● EXERCISE BRIEF: Below are entries; repeat exactly, and nothing else, the lines from the one holding "High Quality Handcrafted" through the one holding "除了国内品牌,国外快时尚品牌的门店数量也在下降,ZARA 关闭门店 2", inclusive. Leave the pictures out.

● DATA SHOWN:
==================================================

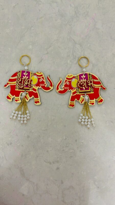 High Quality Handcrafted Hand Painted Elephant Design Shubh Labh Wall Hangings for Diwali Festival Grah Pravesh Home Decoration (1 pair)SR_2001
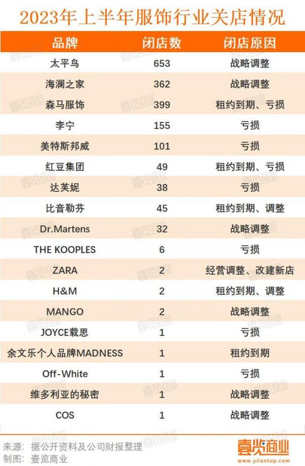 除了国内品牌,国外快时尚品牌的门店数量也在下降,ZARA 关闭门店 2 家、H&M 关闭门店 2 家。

==================================================

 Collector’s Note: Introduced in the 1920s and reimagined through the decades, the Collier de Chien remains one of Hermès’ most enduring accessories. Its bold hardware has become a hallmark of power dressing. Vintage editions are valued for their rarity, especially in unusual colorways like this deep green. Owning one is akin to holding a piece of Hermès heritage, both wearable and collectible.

==================================================

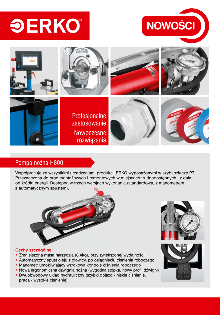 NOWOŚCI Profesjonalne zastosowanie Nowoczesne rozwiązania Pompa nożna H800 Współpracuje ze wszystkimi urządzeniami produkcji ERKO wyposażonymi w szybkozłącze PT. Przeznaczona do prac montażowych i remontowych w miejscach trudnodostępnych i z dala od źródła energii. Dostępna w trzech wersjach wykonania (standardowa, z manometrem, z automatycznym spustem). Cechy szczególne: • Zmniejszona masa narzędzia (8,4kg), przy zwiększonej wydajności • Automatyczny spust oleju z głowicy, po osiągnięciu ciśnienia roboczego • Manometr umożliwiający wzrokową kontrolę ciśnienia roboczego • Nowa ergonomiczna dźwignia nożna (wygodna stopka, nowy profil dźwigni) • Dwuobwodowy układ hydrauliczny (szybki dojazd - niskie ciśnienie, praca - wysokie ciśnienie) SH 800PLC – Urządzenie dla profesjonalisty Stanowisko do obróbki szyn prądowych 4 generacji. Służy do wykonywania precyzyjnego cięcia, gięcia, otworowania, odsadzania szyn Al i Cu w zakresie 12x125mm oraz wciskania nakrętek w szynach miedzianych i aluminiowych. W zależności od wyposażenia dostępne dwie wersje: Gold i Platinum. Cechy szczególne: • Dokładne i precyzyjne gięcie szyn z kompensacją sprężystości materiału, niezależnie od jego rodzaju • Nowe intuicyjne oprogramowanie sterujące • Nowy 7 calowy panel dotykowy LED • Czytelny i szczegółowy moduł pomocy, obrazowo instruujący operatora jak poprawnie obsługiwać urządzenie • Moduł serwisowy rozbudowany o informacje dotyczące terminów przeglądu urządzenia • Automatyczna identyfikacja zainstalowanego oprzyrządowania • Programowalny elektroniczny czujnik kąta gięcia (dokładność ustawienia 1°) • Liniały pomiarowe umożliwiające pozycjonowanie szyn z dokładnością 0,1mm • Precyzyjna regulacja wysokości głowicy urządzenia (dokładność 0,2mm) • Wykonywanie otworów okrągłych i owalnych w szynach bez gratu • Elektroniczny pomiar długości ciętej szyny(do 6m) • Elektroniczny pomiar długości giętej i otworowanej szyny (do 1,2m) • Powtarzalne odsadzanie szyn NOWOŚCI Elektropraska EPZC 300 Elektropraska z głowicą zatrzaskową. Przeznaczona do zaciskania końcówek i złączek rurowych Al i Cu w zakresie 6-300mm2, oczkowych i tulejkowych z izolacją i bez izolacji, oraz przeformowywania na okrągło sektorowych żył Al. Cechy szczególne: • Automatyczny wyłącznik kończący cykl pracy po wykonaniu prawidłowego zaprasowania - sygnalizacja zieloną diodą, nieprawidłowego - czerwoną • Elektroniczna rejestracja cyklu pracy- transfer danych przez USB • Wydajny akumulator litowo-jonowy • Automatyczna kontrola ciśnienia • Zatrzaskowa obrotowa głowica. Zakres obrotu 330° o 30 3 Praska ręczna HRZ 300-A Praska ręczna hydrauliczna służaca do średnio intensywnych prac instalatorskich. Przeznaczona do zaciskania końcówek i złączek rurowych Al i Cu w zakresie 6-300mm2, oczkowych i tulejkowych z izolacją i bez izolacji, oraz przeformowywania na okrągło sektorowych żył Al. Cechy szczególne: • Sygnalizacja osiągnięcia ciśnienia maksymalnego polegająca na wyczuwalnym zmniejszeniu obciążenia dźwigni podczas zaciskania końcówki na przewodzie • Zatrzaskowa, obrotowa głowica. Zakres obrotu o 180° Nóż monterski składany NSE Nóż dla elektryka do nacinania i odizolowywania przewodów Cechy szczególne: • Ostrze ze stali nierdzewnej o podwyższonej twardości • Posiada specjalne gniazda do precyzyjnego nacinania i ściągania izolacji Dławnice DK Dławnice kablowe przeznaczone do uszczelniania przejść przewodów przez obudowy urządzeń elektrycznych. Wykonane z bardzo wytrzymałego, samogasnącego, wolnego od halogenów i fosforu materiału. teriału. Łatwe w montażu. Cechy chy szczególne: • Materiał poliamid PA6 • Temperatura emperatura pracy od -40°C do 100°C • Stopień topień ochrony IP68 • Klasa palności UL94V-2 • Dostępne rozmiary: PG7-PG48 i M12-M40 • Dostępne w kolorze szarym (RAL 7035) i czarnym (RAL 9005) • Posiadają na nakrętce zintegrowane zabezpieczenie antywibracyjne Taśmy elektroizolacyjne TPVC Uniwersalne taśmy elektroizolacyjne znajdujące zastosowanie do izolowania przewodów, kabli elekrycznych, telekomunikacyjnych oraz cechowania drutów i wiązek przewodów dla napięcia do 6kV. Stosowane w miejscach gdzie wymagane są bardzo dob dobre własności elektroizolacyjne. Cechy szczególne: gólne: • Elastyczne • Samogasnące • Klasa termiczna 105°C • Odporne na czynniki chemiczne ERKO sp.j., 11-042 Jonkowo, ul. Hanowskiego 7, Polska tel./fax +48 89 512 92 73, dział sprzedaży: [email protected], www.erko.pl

==================================================

● RESPONSE:
 High Quality Handcrafted Hand Painted Elephant Design Shubh Labh Wall Hangings for Diwali Festival Grah Pravesh Home Decoration (1 pair)SR_2001
 除了国内品牌,国外快时尚品牌的门店数量也在下降,ZARA 关闭门店 2 家、H&M 关闭门店 2 家。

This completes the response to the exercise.